Posted to user@spark.apache.org by Something Something <ma...@gmail.com> on 2020/03/04 02:02:30 UTC
Stateful Spark Streaming: Required attribute 'value' not found
In a Stateful Spark Streaming application I am writing the 'OutputRow' in
the 'updateAcrossEvents' but I keep getting this error (*Required attribute
'value' not found*) while it's trying to write to Kafka. I know from the
documentation that 'value' attribute needs to be set but how do I do that
in the 'Stateful Structured Streaming'? Where & how do I add this 'value'
attribute in the following code? *Note: I am using Spark 2.3.1*
withEventTime
.as[R00tJsonObject]
.withWatermark("event_time", "5 minutes")
.groupByKey(row => (row.value.Id, row.value.time.toString, row.value.cId))
.mapGroupsWithState(GroupStateTimeout.EventTimeTimeout)(updateAcrossEvents)
.writeStream
.format("kafka")
.option("kafka.bootstrap.servers", "localhost:9092")
.option("topic", "myTopic")
.option("checkpointLocation", "/Users/username/checkpointLocation")
.outputMode("update")
.start()
.awaitTermination()
Re: Stateful Spark Streaming: Required attribute 'value' not found
Posted by Something Something <ma...@gmail.com>.

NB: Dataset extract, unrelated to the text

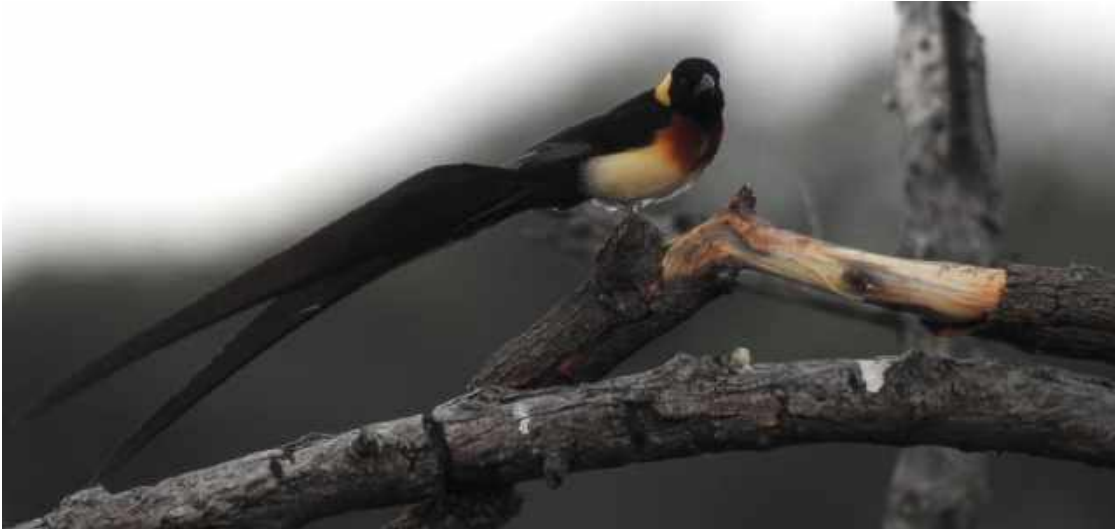
Long-tailed Paradise Whydah. Chobe NP.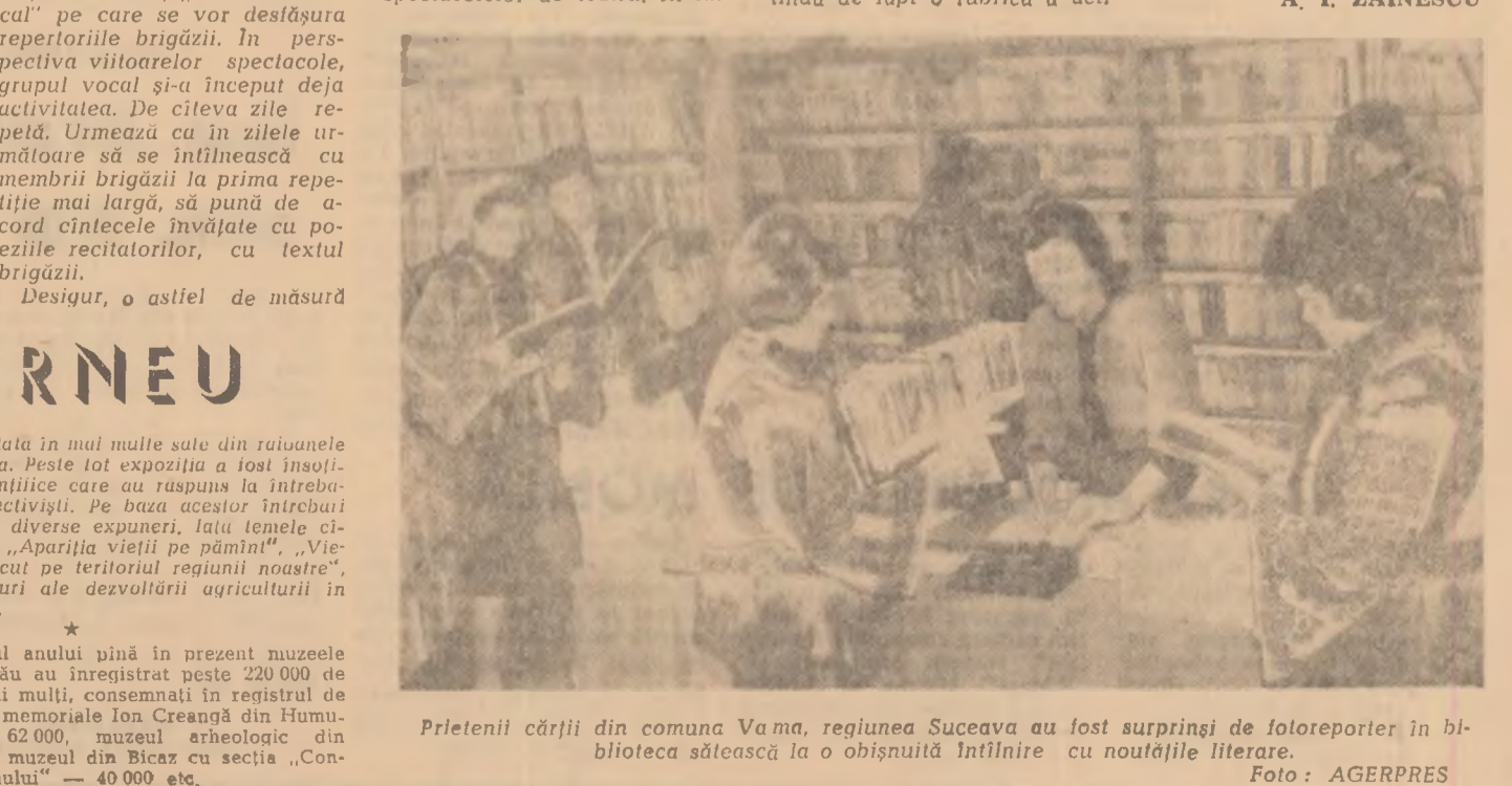
Președintele cărții din comuna Vama, regiunea Suceava a fost surprins de fotoreporter în bibliotecă sătească la o obișnuită întîlnire cu nouățile literare.

De la începutul anului pînă în prezent muzeul din regiunea Bacău au înregistrat peste 220.000 de vizitatori. Cel mai mult, consemnat în registrul de evidență al casei memoriale Ion Creangă din Humulești: aproape 62.000, muzeul etnologic din P. Neamț, 42.000, muzeul din Blăzeș cu secția „Construirea socialismului” — 40.000 etc.

By simply adding 'toJSON' before 'writeStream' the problem was fixed. Maybe
it will help someone.
On Tue, Mar 3, 2020 at 6:02 PM Something Something <ma...@gmail.com>
wrote:
> In a Stateful Spark Streaming application I am writing the 'OutputRow' in
> the 'updateAcrossEvents' but I keep getting this error (*Required
> attribute 'value' not found*) while it's trying to write to Kafka. I know
> from the documentation that 'value' attribute needs to be set but how do I
> do that in the 'Stateful Structured Streaming'? Where & how do I add this
> 'value' attribute in the following code? *Note: I am using Spark 2.3.1*
>
> withEventTime
> .as[R00tJsonObject]
> .withWatermark("event_time", "5 minutes")
> .groupByKey(row => (row.value.Id, row.value.time.toString, row.value.cId))
> .mapGroupsWithState(GroupStateTimeout.EventTimeTimeout)(updateAcrossEvents)
> .writeStream
> .format("kafka")
> .option("kafka.bootstrap.servers", "localhost:9092")
> .option("topic", "myTopic")
> .option("checkpointLocation", "/Users/username/checkpointLocation")
> .outputMode("update")
> .start()
> .awaitTermination()
>
>